In this problem set you will need, at minimum, the following R packages.
# Load standard libraries
library(tidyverse)
library(dplyr)
library(MASS) # Modern applied statistics functions
library(data.table)
library(dplyr)
library(ggplot2)
library(corrplot)
The Italian restaurants in New York City are legendary, and it’s time to put your newly developed regression modeling skills to work to understand how they operate. What are the factors that contribute to the price of a meal at Italian restaurants in New York City?
You will need to address this question with a series of multiple regression models. The Zagat guide is an influential review of restaurants. You will be looking at the numeric reviews posted on the Zagat review. Each restaurant is rated on a scale of 0 to 30 for the quality of its food, decor, and service.The data comes in the form of Zagat reviews from 168 Italian restaurants in New York City from 2001.
\begin{enumerate}
Inspect the data using your usual inspect data functions to get a sense of how the variables are encoded and what values they typically take on. For example, the East variable records whether the restaurant is located east or west of Fifth Avenue, which historically divides the island of Manhattan. Describe the data and variables.
nycData <- read.csv('nyc.csv') ## loading nyc data
## Inspect the data
nycData <- data.table(nycData)
head(nycData)
str(nycData)
## Classes 'data.table' and 'data.frame': 168 obs. of 7 variables:
## $ Case : int 1 2 3 4 5 6 7 8 9 10 ...
## $ Restaurant: Factor w/ 168 levels "Amarone","Anche Vivolo",..: 47 149 18 20 46 89 90 119 16 37 ...
## $ Price : int 43 32 34 41 54 52 34 34 39 44 ...
## $ Food : int 22 20 21 20 24 22 22 20 22 21 ...
## $ Decor : int 18 19 13 20 19 22 16 18 19 17 ...
## $ Service : int 20 19 18 17 21 21 21 21 22 19 ...

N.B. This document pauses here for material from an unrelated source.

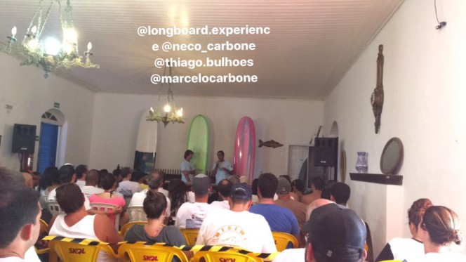 Depois do almoço, e ali perto tem vários restaurantes com ótima comida e preço super acessível, mais palestras com os Carbones, Neco e Marcelo, shapers mais top top explicando os conceitos dos pranchões, para cada tipo de onda e surfe, junto com o Bulhoes que naturalmente entende de tudo, passando sua experiência de pranchas, quilhas e mares.

## $ East : int 0 0 0 0 0 0 0 1 1 1 ...
## - attr(*, ".internal.selfref")=<externalptr>
summary(nycData)
## Case Restaurant Price Food
## Min. : 1.00 Amarone : 1 Min. :19.0 Min. :16.0
## 1st Qu.: 42.75 Anche Vivolo: 1 1st Qu.:36.0 1st Qu.:19.0
## Median : 84.50 Andiamo : 1 Median :43.0 Median :20.5
## Mean : 84.50 Arno : 1 Mean :42.7 Mean :20.6
## 3rd Qu.:126.25 Artusi : 1 3rd Qu.:50.0 3rd Qu.:22.0
## Max. :168.00 Baci : 1 Max. :65.0 Max. :25.0
## (Other) :162
## Decor Service East
## Min. : 6.00 Min. :14.0 Min. :0.000
## 1st Qu.:16.00 1st Qu.:18.0 1st Qu.:0.000
## Median :18.00 Median :20.0 Median :1.000
## Mean :17.69 Mean :19.4 Mean :0.631
## 3rd Qu.:19.00 3rd Qu.:21.0 3rd Qu.:1.000
## Max. :25.00 Max. :24.0 Max. :1.000
##
nycData %>% select_if(is.numeric) %>%
dplyr::select(., -Case) %>%
cor()%>%corrplot()
Findings: The nycdata has five variables and 168 observations. Five of them are integer variables and 1 factor variable. The observations represented the number of restaurants found in NYC, and Each variable represents: - ‘Restaurant’ represents 168 restaurant names that participated in this review process. - ‘Price’ represents the Price of the food - ‘Food’ the quality of the food - ‘Decor’ the quality of the restaurant in terms of decore - ‘Service’ is the overall customer service and presentation of the food. - ‘East’ which side of the city the restaurant found in NYC
Based on your knowledge of the restaurant industry, do you think that the quality of the food in a restaurant is an important determinant of the price of a meal at that restaurant? How will you prove your intuition (quality determines or does not determine) using the nyc data and your newly developed regression modeling skills? Before writing code explain your choice of response variable, explanatory variable(s), and modeling technique.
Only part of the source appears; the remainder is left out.